On October 17, 2011, the Company entered into an agreement with Mr. Williams that covered the terms on which he would join the Company (the "Agreement"). The Agreement is for a three year term for which the material financial terms are (1) an annual salary of $60,000; (2) restricted stock award bonuses in amounts to be determined for the following events (i) when the Company has completed  $30mm in gross cumulative financing; (ii) when the Company has achieved 100,000 MT per year of production of TCS; (iii) when the Company has achieved 140,000 MT per year of production of TCS; and (iv) when the Company has reached $150mm per year in consolidated annual revenue; and (3) pre-approved expense reimbursement.

The Agreement is filed as Exhibit 10.1 hereto and is incorporated by reference herein.

Departure of David Natan as Chief Financial Officer

In connection with Mr. Williams’ appointment as Chief Financial Officer, David Natan has resigned this position as of October 17, 2011.  The Company owes no payments or severance to Mr. Natan in connection with this resignation. Mr. Natan remains as the Company’s Chief Executive Officer and Director.

Election of David Vanderhorst as Director

Effective October 17, 2011, the Board elected David Vanderhorst to serve as a director of the Company, filling a vacancy on the Board. The Company has determined that Mr. Vanderhorst is an “independent director” as defined by NASDAQ Rule 5605(a)(2).

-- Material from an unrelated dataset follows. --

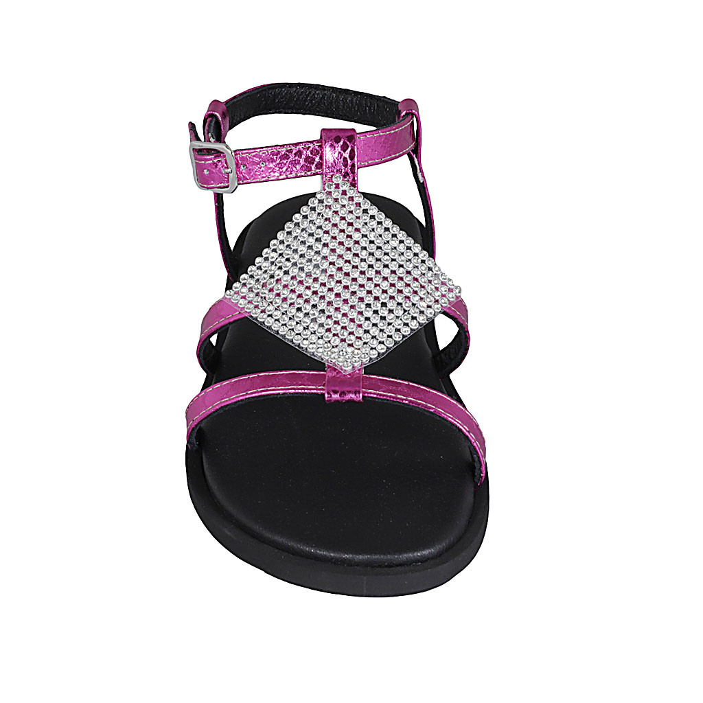 Woman's sandal in pink laminated printed leather with strap and rhinestones wedge heel 1 - Available sizes:  32, 33, 34, 42, 43, 44

The Board appointed Mr. Vanderhorst to serve on its (i) Audit Committee, as its Chairman and “audit committee financial expert” as defined by Item 4.07(d)(5) of SEC Regulation S-K, and (ii) Nominating, Compensation and Corporate Governance Committee.

Mr. Vanderhorst will receive the Company’s standard independent director compensation arrangement, consisting of: (a) a quarterly retainer of restricted shares of SunSi common stock equivalent to $8,000 USD for each quarter of service completed calculated based upon the weighted average share price, calculated using the closing share of SunSi’s common shares for the last 10 trading days at of the end of each SunSi fiscal quarter; (b) a fee of $500 for each Board and Committee meeting in which Director participates, either in person or by teleconference, and $1,500 for an in-person board meeting requiring attendance for longer than four hours; and (c) reimburse Director for all documented, reasonable, out-of-pocket expenses incurred in connection with the performance of Director’s duties.  Mr. Vanderhorst has entered into our standard Independent Directors Agreement with the Company, a form of which is attached hereto as Exhibit 10.2.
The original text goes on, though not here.